§ **Exercise aim**:
Print the material below exactly as it stands, please, from its first line to the line holding "Urgent | Press", with no pictures.

*** Opening of Source data ***

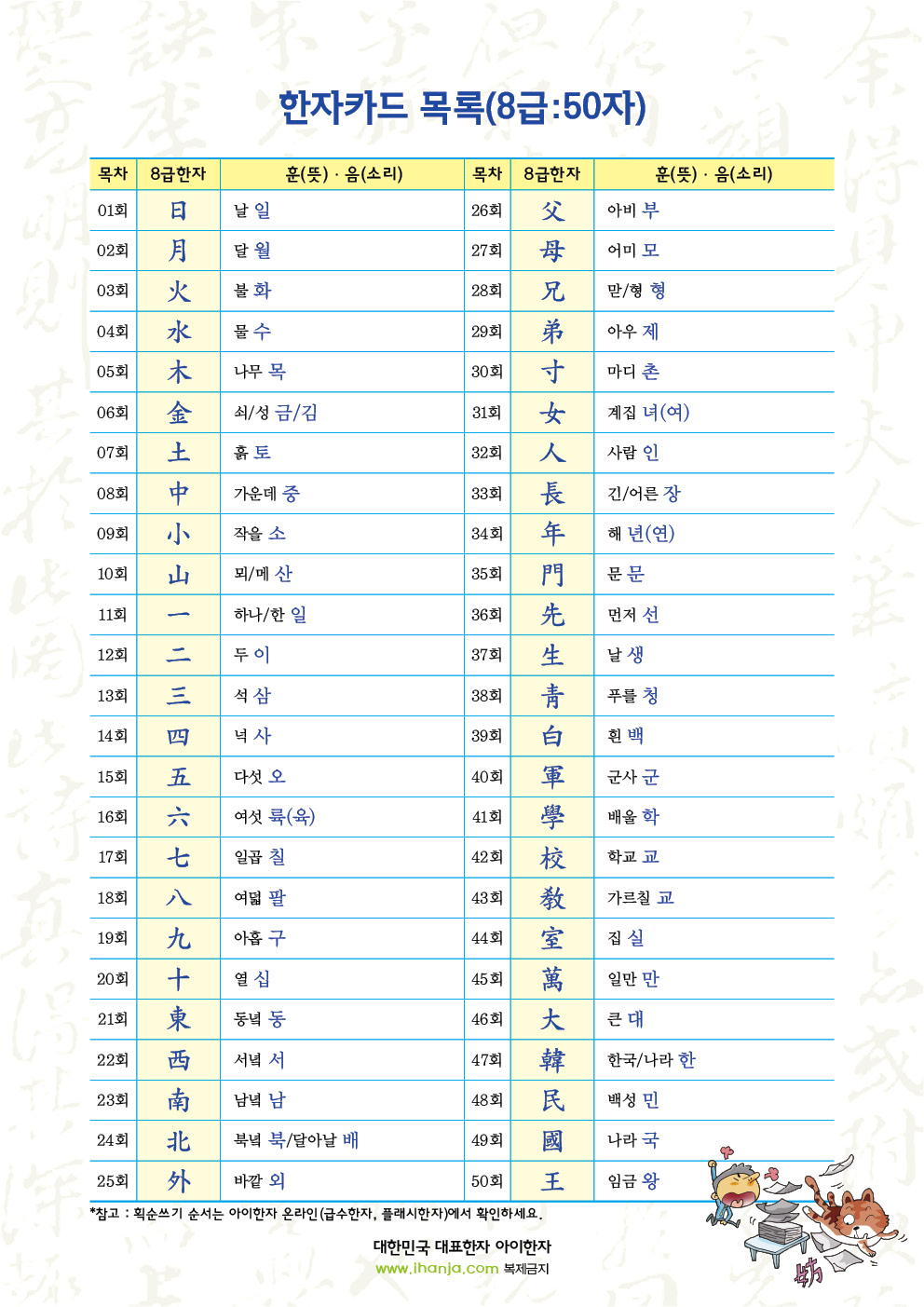일일한자 프린트에서 색칠 놀이 한자카드(8급) 50자를 추가 서비스 안내드립니다.
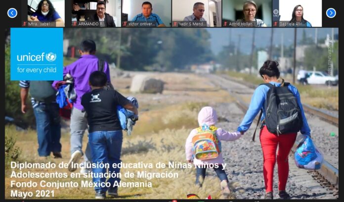 Esta capacitación forma parte del proyecto “Inclusión a la educación básica de niñas, niños y adolescentes en contextos migratorios en México”, que coordina el Fondo de las Naciones Unidas para la Infancia (Unicef) y se enmarca en la propuesta aprobada por el Fondo Conjunto México Alemania (FMCA) en donde participan la Agencia de Cooperación Alemana (GIZ) y la Agencia Mexicana de Cooperación Internacional (Amexid).
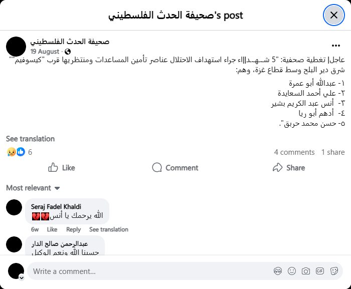 Urgent | Press coverage: "5 martyrs as a result of the occupation targeting aid workers and those waiting for them near "Kissufim" east of Deir al-Balah in the central Gaza Strip. They are:
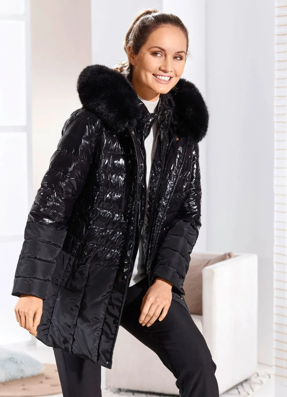 Ein modisches Highlight ist diese fabelhafte, schwarze Jacke mit abnehmbarem Kunstpelz-Besatz an der festen Kapuze, durch Reißverschluss hoch schließbarem Stehkragen am Westeneinsatz, Druckerleiste, Reißverschlusstaschen, Windfangärmeln aus Rippenstrick sowie einer Innentasche. Länge ca. 75 cm, ab Gr. 44 ca. 78 cm.

*** Close of Source data ***

§ **Your response**:
일일한자 프린트에서 색칠 놀이 한자카드(8급) 50자를 추가 서비스 안내드립니다.
 Esta capacitación forma parte del proyecto “Inclusión a la educación básica de niñas, niños y adolescentes en contextos migratorios en México”, que coordina el Fondo de las Naciones Unidas para la Infancia (Unicef) y se enmarca en la propuesta aprobada por el Fondo Conjunto México Alemania (FMCA) en donde participan la Agencia de Cooperación Alemana (GIZ) y la Agencia Mexicana de Cooperación Internacional (Amexid).
 Urgent | Press coverage: "5 martyrs as a result of the occupation targeting aid workers and those waiting for them near "Kissufim" east of Deir al-Balah in the central Gaza Strip. They are:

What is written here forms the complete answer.